Customer-facing UK companies such as hotels & restaurants, sports centres, gyms and hair salons have suffered the steepest fall in activity seen since Markit’s PMI survey began in 1996.

And with many now forced to close, the economy will clearly keep shrinking in the months ahead.

Markit adds:

The initial impact of emergency public health measures was also reflected in record downturns in activity across transport & travel and the vast business-to-business services category

Overall, UK manufacturing output is shrinking at the sharpest pace since July 2012 - with transport companies (understandably) having a brutal month as Britain self-isolates:

But food and drink firms have been busy, as families prepare for the lockdown.

Markit says:

Only producers in the food & drink and chemicals & plastics sectors reported growth of output in March. The former reflected higher demand due to stockpiling by households, while the latter was driven by a surge in production within the pharmaceuticals sector.

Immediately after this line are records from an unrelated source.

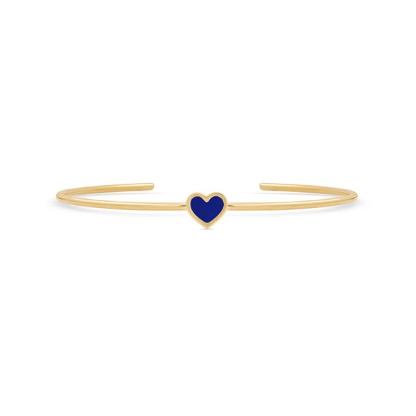 An extra small lapis inlay heart is set on a polished 18-karat yellow gold cuff. An everyday accessory, we love the bracelet worn on its own or stacked with others from the collection. A symbol of love, it’s the perfect gift for someone special.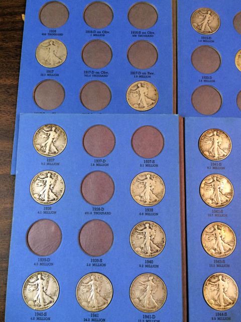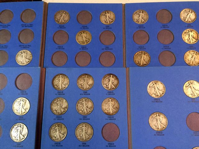 Silver Walking Liberty Half Dollars, Quarters and Dimes.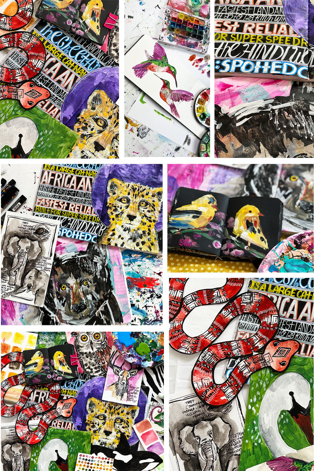 In this class we will be using drawing, painting and a variety of mixed media techniques to explore all kinds of animals and creatures. Through video, photos and prompts we will use our art journals as a place document, play and experiment with animal themes.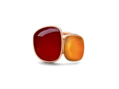 Ring aus 750/- Roségold, Karneol mit Perlmutt (Dublette) und Madeira-Citrin mit Perlmutt (Dublette), 1 Brillant 0,02 ct TW(G) vs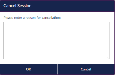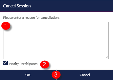 3. The Cancel Session dialog box opens. First, enter the details for cancelling the session. Next, select whether to notify attendees of the cancellation (by default this is checked, if you do not want attendees to receive an email about the cancellation, uncheck this box). Click OK to proceed.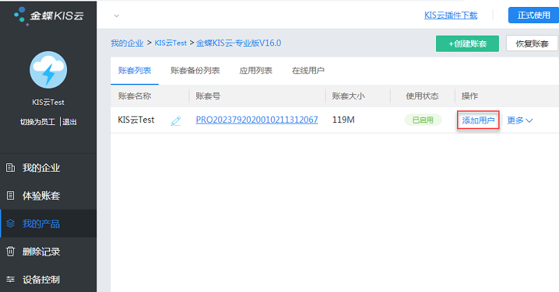 以客户真实的企业管理员账号身份登录KIS云管理中心,选择正确的企业、产品,然后完成以下处理。

At the other end of the scale, the transport goods sector registered the largest slump in output during March.

Updated

There’s broad agreement that today’s UK PMI report is really, really bad.... (although we already know the causes, of course!)

UK heads for deep recession as economy shrinks in March

NEWSFLASH: The UK economy is contracting at its fastest rate in at least two decades, as the service sector is hit extremely hard by the Covid-19 outbreak.

Data firm Markit reports that business activity across services and manufacturing has slumped this month, as the coronavirus deals the UK economy “a more severe blow than at any time since comparable figures were first available over 20 years ago”.

Output has slumped, new orders have contracted at their fastest pace since 2008, and business expectations have absolutely cratered.

This has dragged Markit’s survey of UK purchasing managers down to just 37.1 in March, down from 53.0 in February. That shows an extremely sharp fall in activity.

It’s the worst reading since the survey began in 1998, and means the economy is contracting much faster than after the collapse of Lehman Brothers in 2008.

Such a low number suggests a deep recession is inevitable this year (understandably, with so many businesses now closed due to coronavirus measures).

The services sector PMI (which covered much of the UK economy) slumped to just 35.7, from 53.2 in February.

The manufacturing PMI fell to 48.0 from 51.7 (but the true picture is worse, as the PMI calculation assumes that long delays for supplies are a sign of a strong economy)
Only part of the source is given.